Nous pouvons d’abord penser à la philosophie des médias de McLuhan (1993), dont l’idée centrale, bien connue, est la suivante : le médium qui véhicule un message (dans notre cas la vidéo) déterminerait presqu’à lui seul la signification de ce message, puisque cette signification serait elle-même déterminée par les sens humains qu’elle sollicite, à savoir l’ouïe, la vue, le toucher, l’odorat ou le goût. Mentionnons également, à titre d’exemple d’écrit classique sur la médiatisation, le travail anthropologique de Goody (1979), qui a proposé que l’écrit participerait à un nouveau mode de raisonnement chez l’humain ainsi qu’à la stabilisation de la transmission des connaissances à travers le temps. Toujours eu égard à la médiatisation, nous pouvons aussi évoquer l’idée selon laquelle les images, étant donné leur grande capacité d’imitation du réel, auraient un pouvoir transformateur de la psyché plus important que l’oralité et l’écrit, qu’il soit question d’apprentissages sociaux « positifs » ou d’exposition à des scènes de violence. Il s’agit d’une thèse soutenue par certains sémiologues cognitifs, dont Meunier (2013) notamment. Enfin, toujours dans la catégorie des écrits fondamentaux sur les effets de la médiatisation, nous pouvons aussi mentionner les écrits philosophiques de Breton (2003) sur la parole, à qui il confère un certain potentiel de pacification des sociétés marquées par la violence.

À l’ensemble des effets produits par la médiatisation qui viennent d’être présentés, il convient aussi d’ajouter un effet qui se répercute sur l’acte de médiation en tant que tel, à savoir une impossibilité d’interaction directe entre le diffuseur de contenus et son public (Jacquinot-Delaunay, 2003). C’est bien la principale caractéristique de la communication médiatisée à laquelle nous nous intéressons ici, soit la vidéo numérique publiée dans YouTube : l’impossible interaction directe et synchrone des acteurs impliqués. À l’inverse, cette contrainte n’est pas présente dans d’autres contextes communicationnels, par exemple la messagerie texte sur téléphone mobile, qui permet justement des interactions synchrones, c’est-à-dire « en temps réel ».

La thèse présentée ici adopte une position critique par rapport aux discours plus philosophiques concernant les effets de la médiatisation sur le rapport à la connaissance. Néanmoins, elle s’inscrit dans la suite de ces réflexions, mais d’un point de vue plus

empirique, en questionnant les choix que des vidéastes amateurs ou des adolescents effectuent en contexte de communication médiatisée avec la vidéo numérique et YouTube.

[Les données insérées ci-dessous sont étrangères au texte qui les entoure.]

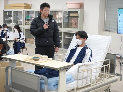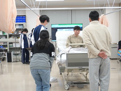 この日は看護学科の校舎に理学療法学科・作業療法学科の2年生が集まり、脳梗塞患者の事例をもとに、

S’il nous importait d’en faire autant, c’est qu’aucune recherche ne s’était encore penchée sur cette question.

En effet, eu égard à la question de la médiatisation, certaines recherches ont par exemple montré que l’écrit, chez les adolescents, était particulièrement lié à l’expression des émotions et à la création littéraire (Penloup et Joannidès, 2014). D’autres ont pour leur part rapporté que la photographie était étroitement liée à la mise en visibilité des liens d’amitié et à l’immortalisation des moments marquants de l’adolescence (Lachance, 2012, 2013). Cela dit, aucune étude n’avait toutefois interrogé l’enjeu du choix des modes langagiers en contexte de production vidéo, où l’usage de l’image fixe, de l’image mobile, de l’écrit, de la voix, de la musique et des effets sonores peut se faire dans un même contexte communicationnel. C’est la raison précise pour laquelle nous avons cherché à décrire, dans le cadre de cette thèse, les processus de rationalisation que des vidéastes amateurs et des adolescents mettent en œuvre lorsqu’ils doivent procéder à la médiatisation d’informations en contexte de production d’une vidéo sur une thématique sociale.